Week of 8/31
Began programming a data scraper to collect common data set spreadsheets. Had difficulties with hardware platforms, library compatibility, and library installation. However, all necessary components have been installed properly now, and am planning on finishing it on Sat. Nov. 5.
Week of 10/7
I switched the website I will be pulling college sites from. Also added a tag finder to try to pull only the links I need from the site data.
11/14
Looking at college websites and where they placed their common data set downloads, I realized it might not be possible to pull them just from their website home page. Going to research deeper into how this can be done.
11/18
Found a data set with college data available to download here. Very thankful I found this as using a data scrape to get data from all schools was looking more impossible by the day. Though the set is not complete it should be good enough for me to begin working with.
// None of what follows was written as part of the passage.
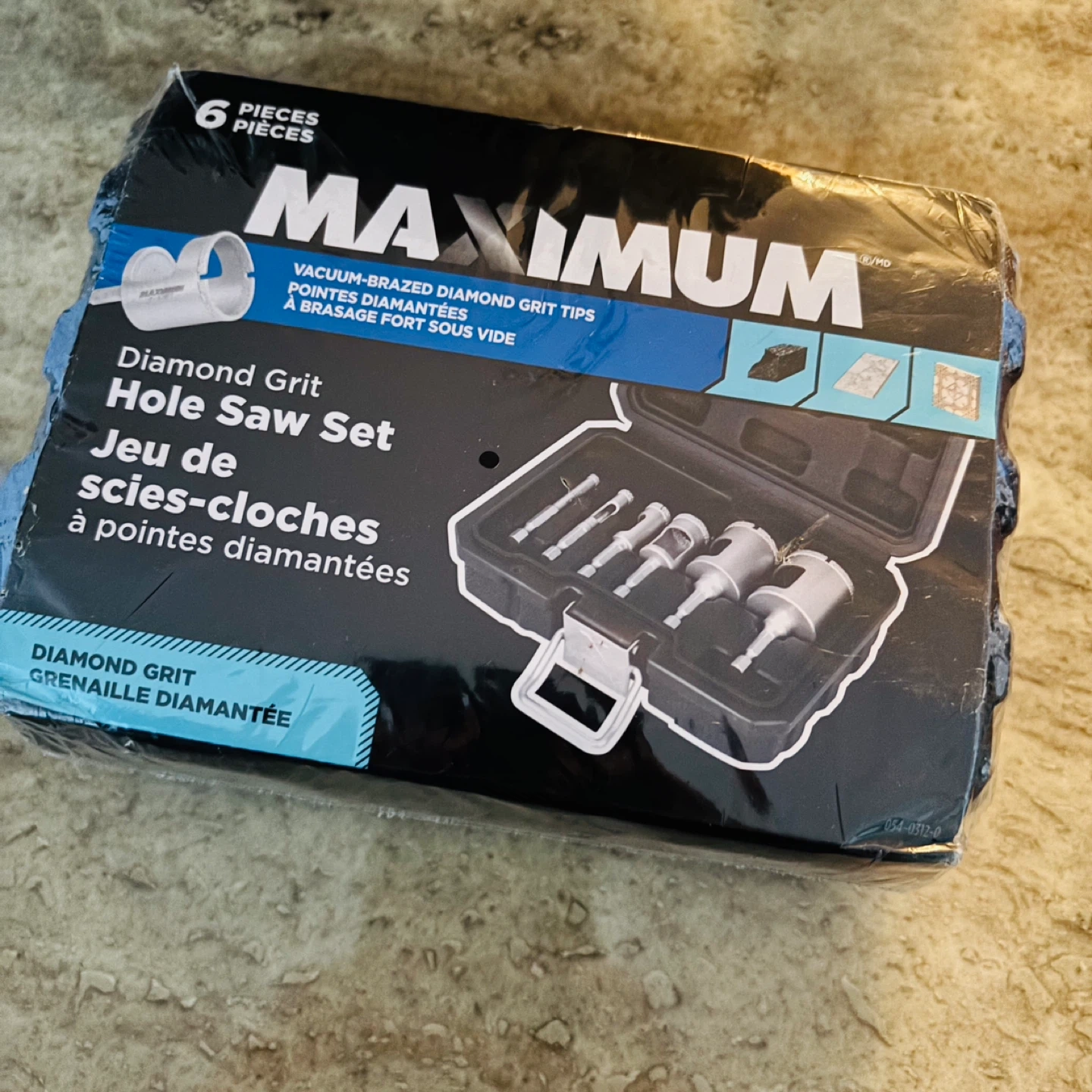 Selling a brand new Maximum Diamond Grit Hole Saw Set. It comes with 6 pieces and is still sealed in its original packaging. Great for granite, porcelain, and ceramic. Originally bought for $99.99+

Data Scraper will be scrapped. I will now move on to data processing.
11/21
Began looking at reading and extracting data from these PDF documents. Will need to decide whether or not to use python libraries and scripts or Optical Character Recognition (OCR) since the CDS is done in a table format making it potentially difficult.
11/23
decided to just convert them using an online engine. Would be easier and more accurate than the inconsistent and unreliable output of a script.
11/28
Goal for the week - Convert and parse all of my collected data from PDFs into a usable format - hopefully looking to be able to move on to data sorting by the end of the week.
12/2
Found a website that can reliably convert the tables to excel sheets. I have to continue to convert the files one by one.
12/9
Finished converting all pdfs - Will next have to find out how to process the excel sheets and the data using scripts
12/12
Began looking to find out how to deal with all of my datasets as one in order to likely create lists and dictionaries separated based on data type.
12/20
Initial framework of script is written. Needs finalization and execution. will then move on to building a search engine.
1/5
Upon review of the datasheets converted, they're formats did not convert properly into a coherent and consistent format. Attempting to write scripts and parse data would be unsuccessful. I am instead going to build a website in order to have a product to show, and then might manually make datasets using schools in NY by hand.
1/9
Have scrapped my data collection - will now manually collect data sheets from new york schools, and make a small data set using back4app. I will later create a website showing my sample concept using that data.
1/17
This week's goal was to collect common data set spreadsheets from sample New York to collect data from manually later on. I currently have 11 schools, and will download them and pull data from them next week.
2/4
Continuing to collect data from CDS
I am about halfway through the collection.
2/10
Data collection is now complete
Will start building my website and its framework
2/17
Began writing my script, which is currently just the skeleton without function.
3/3
Continue working on data sorting algorithm. Want to have divided lists to read from by the end of the week. Need to properly learn how to use the library I imported (openpyxl)
3/17
Fixed my initial syntactical errors and typos. I have also solved all the errors thrown that were caused by improper importing of variables and libraries. I am now trying to get my program to actually read my excel sheet file.
3/24
This week I hope to finish my first sort algorithm, and begin working on the user and how my programs will act with user input.
I have also started my poster, and put in most of what I can as of right now.
3/30
Data and initial data script is complete. However, I still need to verify its functioning. Otherwise, the resetting of my chromebooks data has been very frustrating, but my project should be able to move along soon.
4/21
My goal this week is to finally finish writing my program and get the damn thing to work on my pc at home (since this chromebook is shooting my foot). I hope to begin my website by monday.